The most reliable evidence of the breakdown of the settlement sum into heads of damage was a letter from Suncorp’s solicitor to Suncorp reporting following the compulsory conference.

Suncorp made an allowance for future earning capacity of $500,000. Brettes was a waiter in France earning about $450 per week prior to the accident. The medical evidence to hand at the time of the settlement concluded that Brettes would not be able to engage in that type of work again, and he would need to retrain for an office job. However, Ruckman established that Brettes had obtained employment as a waiter in Europe as early as March 2007 (about two years post accident) and that the information came to light at the conference.
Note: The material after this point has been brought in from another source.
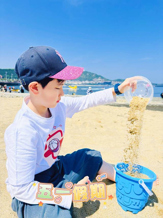沙滩最细的浴场,不得不说,威海的海水,真是蓝而清澈,孩子们在海边乐此不疲的挖沙,堆城堡,妈妈们在拍照留念,而我跟妹妹,果爸,又逛了火炬八街,喝了网红咖啡,坐在海边,吹着海风,看人来人往,看形形色色的人儿拍照打卡,旅行笑脸,也是一种享受。

The court found that a cost is not reasonably incurred by an insurer if the claim is paid upon a basis which has been demonstrated to be incorrect. That would still be the case even where the information becomes available at the compulsory conference (as it did here). The Court found that Suncorp, on becoming aware of the radical difference, should have sought further information and made further inquiries. The costs incurred by Suncorp in relation to future economic loss were found not to be reasonable and not recoverable against Ruckman.

The range of damages for future out of pocket expenses estimated by Suncorp’s solicitor was $140,000 to $175,000. A French practitioner and an occupational therapist had given opinions with respect to the need for future aids. The solicitor’s advice to Suncorp had made his own assessment and did not consider the occupational therapist’s report or the French practitioner’s report. Ruckman argued the approach by Suncorp was unreasonable but the court rejected the submission and was satisfied that the amount assigned to future out of pocket expenses was supported by evidence.
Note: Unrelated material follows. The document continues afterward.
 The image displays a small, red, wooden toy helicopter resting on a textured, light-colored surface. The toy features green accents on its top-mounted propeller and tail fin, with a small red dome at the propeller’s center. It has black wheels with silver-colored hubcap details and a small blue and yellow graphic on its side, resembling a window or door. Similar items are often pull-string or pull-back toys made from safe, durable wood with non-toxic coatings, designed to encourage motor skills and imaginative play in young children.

The court found that the solicitor’s assessment of quantum was accurate, as there was no material which suggested that Brettes would not suffer from problems caused by the accident that would require care.

Ruckman also unsuccessfully argued that the categorisation of the claim by Suncorp as a catastrophic claim, coloured the view taken by Suncorp with respect to the matter. The court found the evidence did not support that and the reasons for categorising claims in such a way are obvious.


The most significant aspect of the decision was in rejecting Ruckman’s submission that as the quantum of the economic loss was not reasonably incurred the recovery in total was unavailable. Rather the court held that the entitlement to recover costs was appropriately reduced by the extent of the portion of the costs unreasonably incurred, holding that on a proper construction of the section, the word ‘costs’ to be defined to include separate categories of costs rather than a global amount.


Ultimately, the court gave judgment for Suncorp in the amount of $764,567.22. This was comprised of the total amount paid in respect of Larrasquet’s claim, plus $721,567.22 ($1,221,567.22 less $500,000 for future economic loss) for Brettes’ claim.

The court found that it is possible for a payment made by an insurer to an injured person to be reasonably incurred as to one head of damage, and unreasonably incurred as to another.

The decision confirms that in recovery actions pursuant to s58 of the MAIA, the insurer must have incurred the costs reasonably in paying an injured party, otherwise they will fail to recover unreasonably paid heads of damage from the insured.

Authored by Jane Hibberd, Lawyer, Brisbane.